THE TASK:
For this exercise, copy exactly the lines below from the one with "松山市 プレミアム付商品券2025:当選確率アップ大作戦! 知っておくべき全情報" through the one with "A termék a klasszikus, nem" and leave out the pictures.

DATA IN THIS EXERCISE:
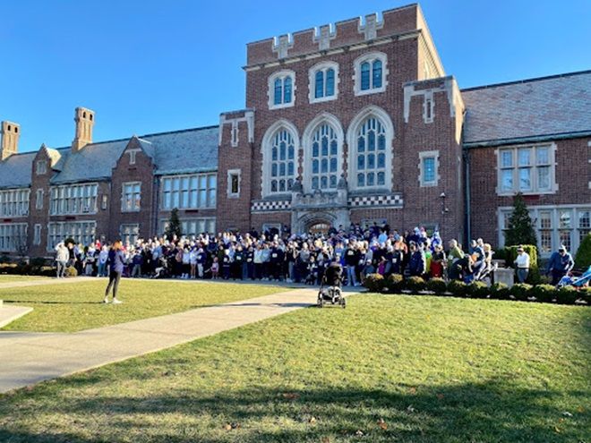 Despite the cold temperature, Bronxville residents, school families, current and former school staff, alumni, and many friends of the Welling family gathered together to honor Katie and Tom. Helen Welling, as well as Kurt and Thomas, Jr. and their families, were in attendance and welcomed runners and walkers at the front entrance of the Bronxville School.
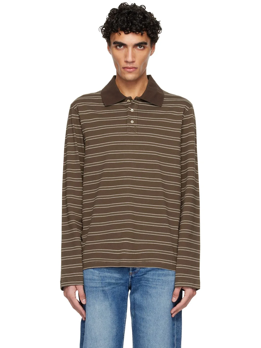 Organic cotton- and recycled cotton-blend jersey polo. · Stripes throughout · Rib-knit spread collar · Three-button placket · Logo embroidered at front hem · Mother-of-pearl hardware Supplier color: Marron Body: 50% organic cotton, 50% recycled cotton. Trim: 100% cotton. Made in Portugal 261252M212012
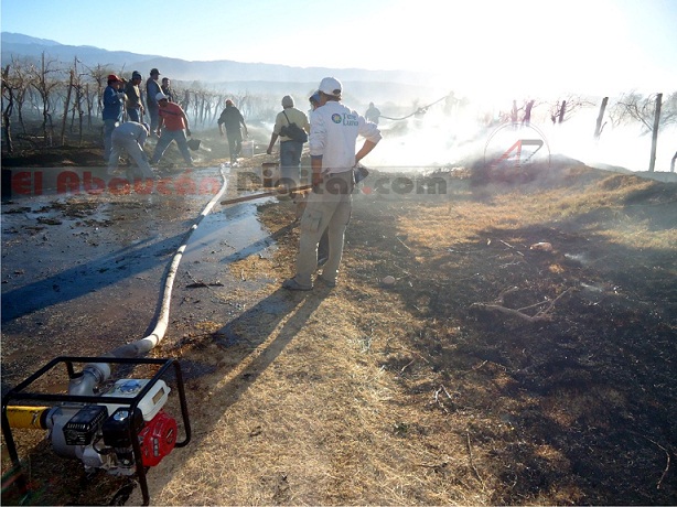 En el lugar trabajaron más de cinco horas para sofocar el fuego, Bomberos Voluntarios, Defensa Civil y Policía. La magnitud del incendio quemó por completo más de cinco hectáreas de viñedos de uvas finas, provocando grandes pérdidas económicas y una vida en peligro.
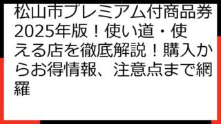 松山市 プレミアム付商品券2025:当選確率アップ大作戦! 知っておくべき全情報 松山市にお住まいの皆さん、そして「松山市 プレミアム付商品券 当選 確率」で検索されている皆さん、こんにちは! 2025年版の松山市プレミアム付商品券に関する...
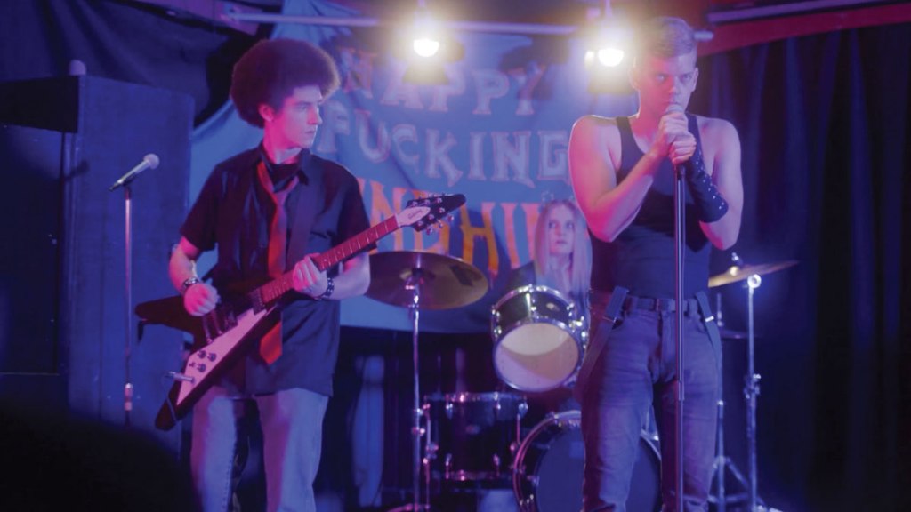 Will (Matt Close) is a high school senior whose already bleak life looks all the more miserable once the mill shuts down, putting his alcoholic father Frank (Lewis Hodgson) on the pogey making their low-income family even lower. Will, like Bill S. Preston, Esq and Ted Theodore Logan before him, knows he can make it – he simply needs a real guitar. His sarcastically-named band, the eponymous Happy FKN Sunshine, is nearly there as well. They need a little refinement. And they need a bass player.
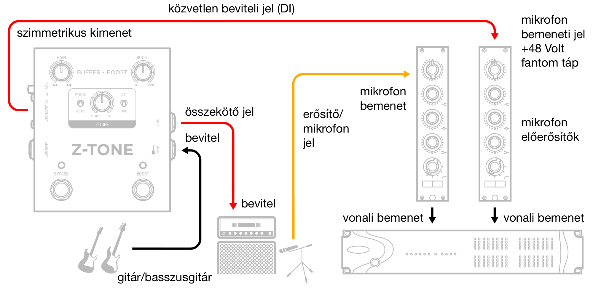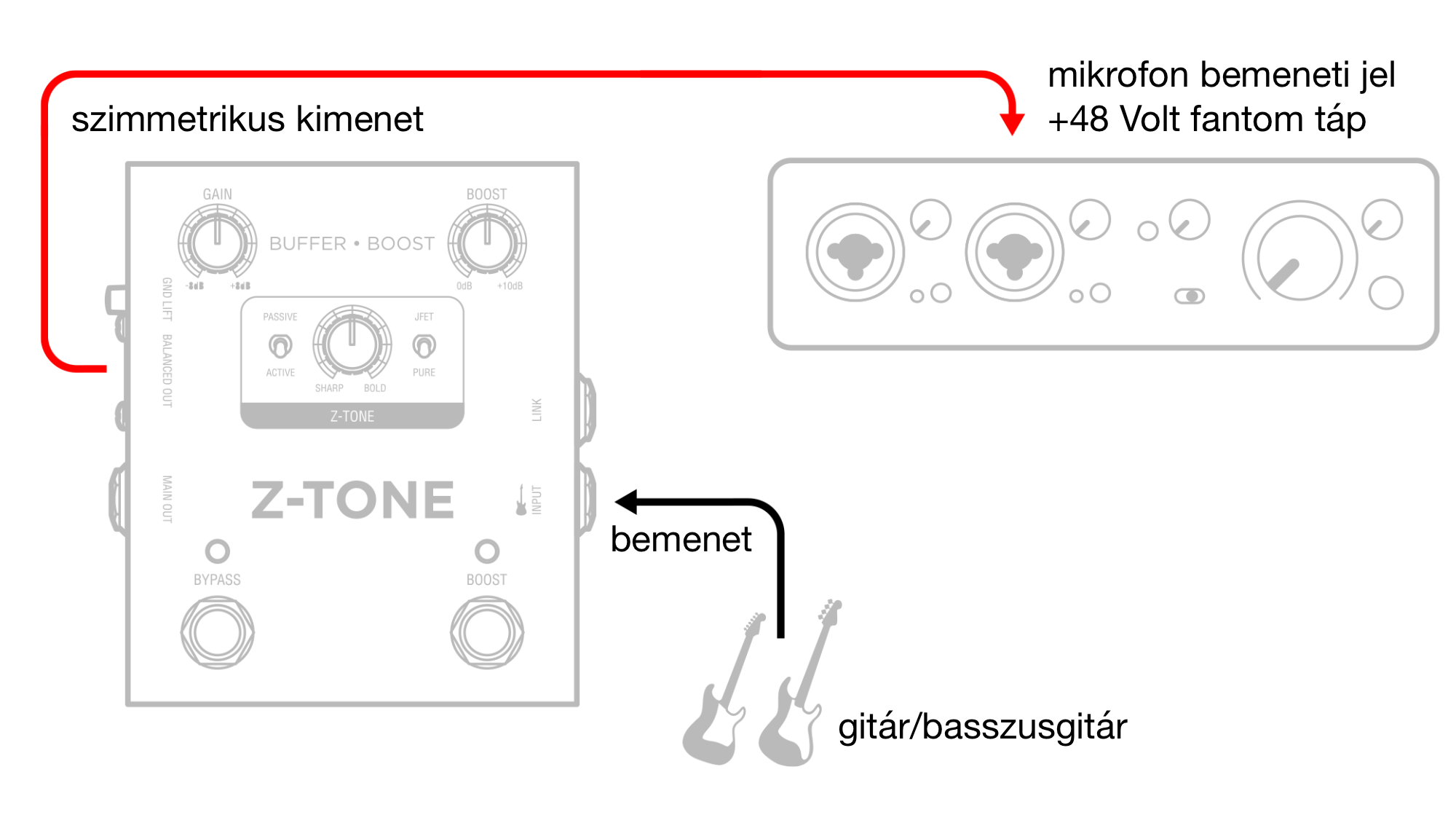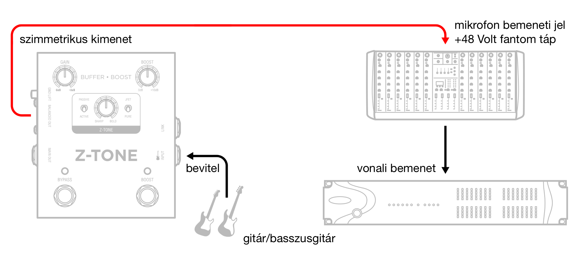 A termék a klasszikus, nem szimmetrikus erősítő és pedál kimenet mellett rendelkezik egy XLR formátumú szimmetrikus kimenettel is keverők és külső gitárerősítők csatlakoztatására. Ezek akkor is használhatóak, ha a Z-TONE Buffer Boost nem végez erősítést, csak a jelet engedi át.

--

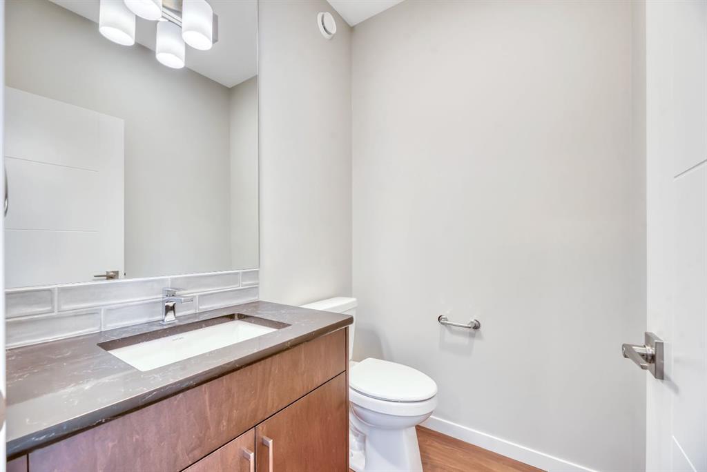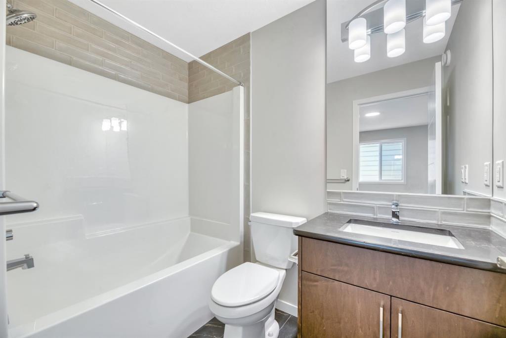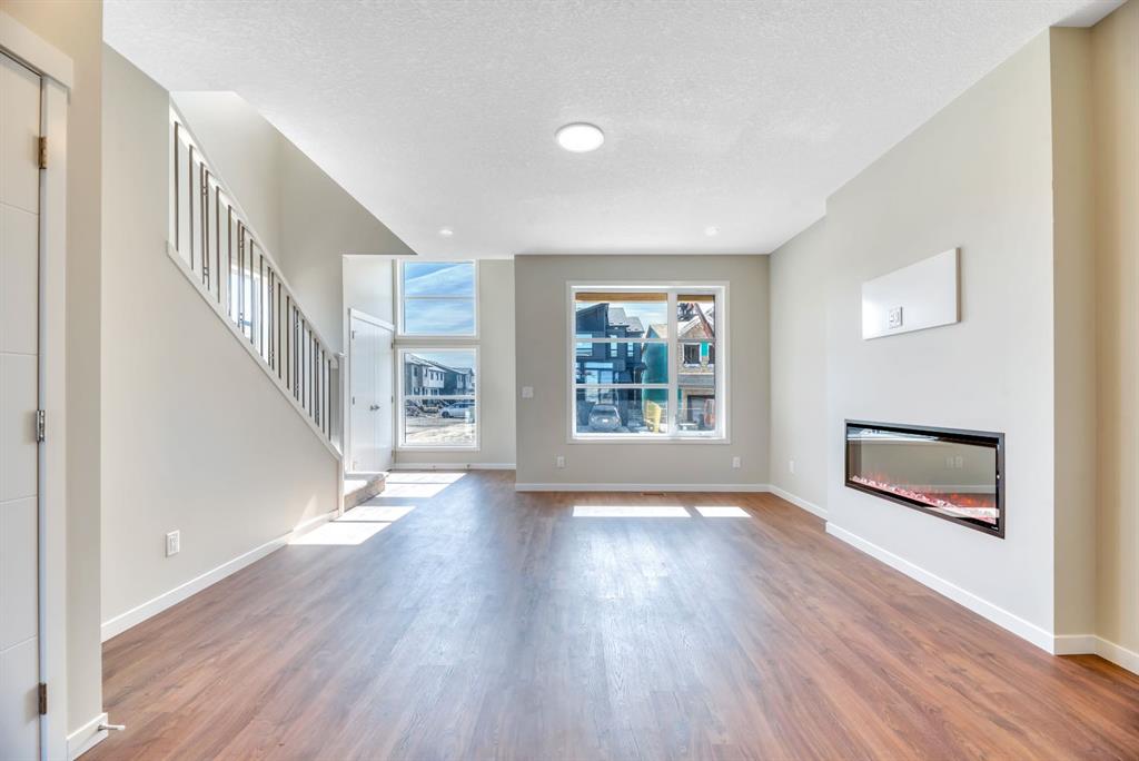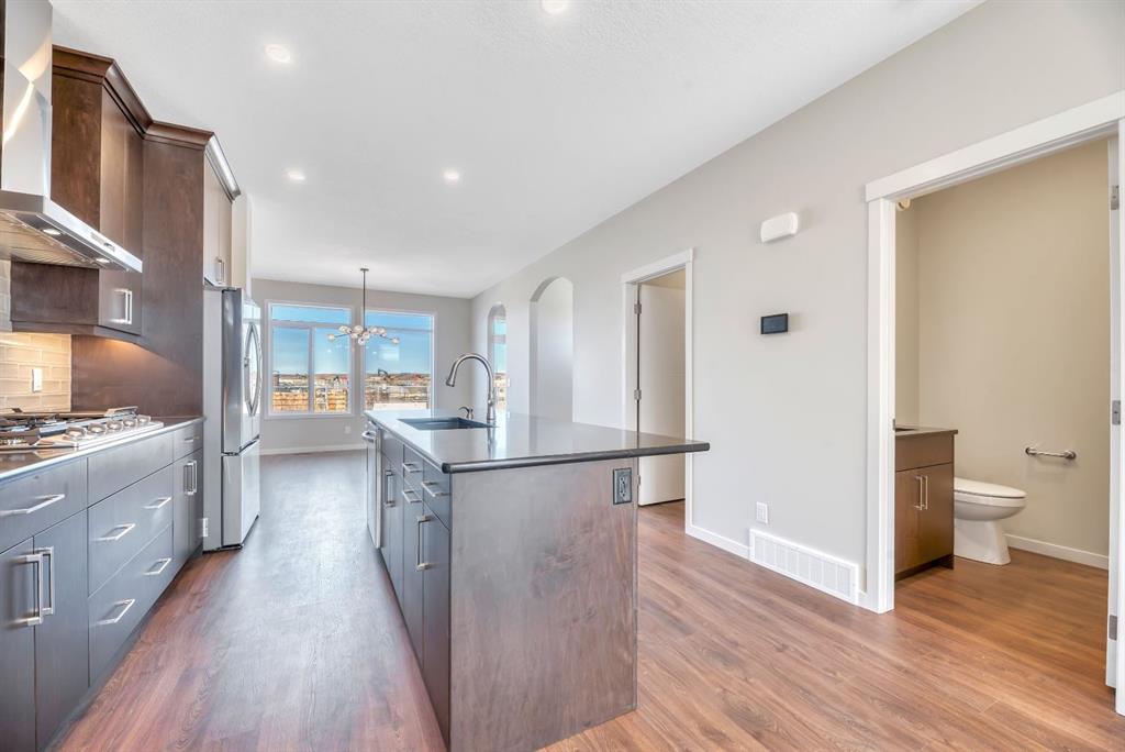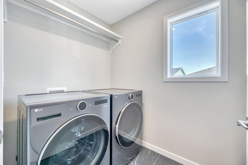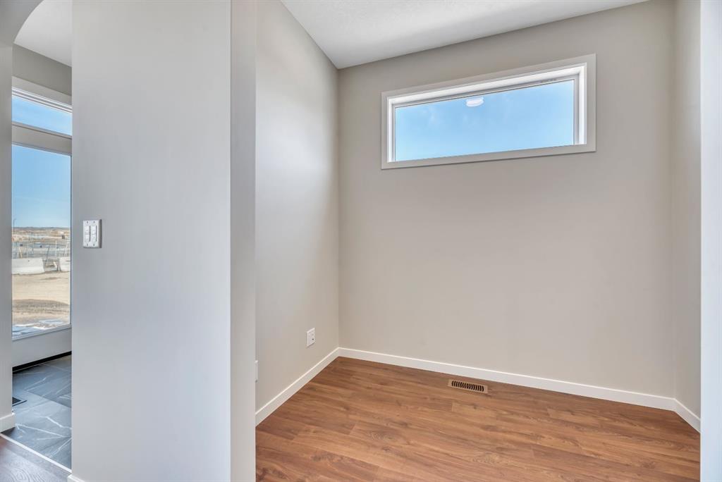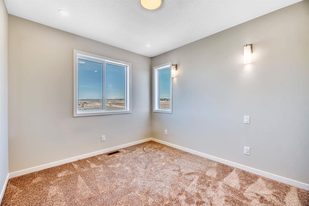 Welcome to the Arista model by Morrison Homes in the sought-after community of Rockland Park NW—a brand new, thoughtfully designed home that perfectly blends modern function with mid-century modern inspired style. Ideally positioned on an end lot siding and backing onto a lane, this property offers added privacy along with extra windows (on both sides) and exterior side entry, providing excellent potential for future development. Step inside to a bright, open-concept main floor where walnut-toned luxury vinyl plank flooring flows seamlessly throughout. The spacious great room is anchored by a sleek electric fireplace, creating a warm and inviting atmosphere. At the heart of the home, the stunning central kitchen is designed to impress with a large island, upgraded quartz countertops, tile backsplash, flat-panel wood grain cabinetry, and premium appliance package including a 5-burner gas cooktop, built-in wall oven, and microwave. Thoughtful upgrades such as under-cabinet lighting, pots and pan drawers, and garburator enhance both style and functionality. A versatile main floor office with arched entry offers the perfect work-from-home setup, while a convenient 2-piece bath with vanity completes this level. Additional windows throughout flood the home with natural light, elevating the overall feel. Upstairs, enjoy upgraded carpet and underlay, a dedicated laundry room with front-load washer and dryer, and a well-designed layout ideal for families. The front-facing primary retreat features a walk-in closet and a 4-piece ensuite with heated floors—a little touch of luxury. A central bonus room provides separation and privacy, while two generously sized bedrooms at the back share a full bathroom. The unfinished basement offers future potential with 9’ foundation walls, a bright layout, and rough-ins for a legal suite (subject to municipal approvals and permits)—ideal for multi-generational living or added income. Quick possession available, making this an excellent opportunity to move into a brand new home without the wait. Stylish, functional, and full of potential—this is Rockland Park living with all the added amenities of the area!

RESULT:
 松山市 プレミアム付商品券2025:当選確率アップ大作戦! 知っておくべき全情報 松山市にお住まいの皆さん、そして「松山市 プレミアム付商品券 当選 確率」で検索されている皆さん、こんにちは! 2025年版の松山市プレミアム付商品券に関する...
 Will (Matt Close) is a high school senior whose already bleak life looks all the more miserable once the mill shuts down, putting his alcoholic father Frank (Lewis Hodgson) on the pogey making their low-income family even lower. Will, like Bill S. Preston, Esq and Ted Theodore Logan before him, knows he can make it – he simply needs a real guitar. His sarcastically-named band, the eponymous Happy FKN Sunshine, is nearly there as well. They need a little refinement. And they need a bass player.
 A termék a klasszikus, nem szimmetrikus erősítő és pedál kimenet mellett rendelkezik egy XLR formátumú szimmetrikus kimenettel is keverők és külső gitárerősítők csatlakoztatására. Ezek akkor is használhatóak, ha a Z-TONE Buffer Boost nem végez erősítést, csak a jelet engedi át.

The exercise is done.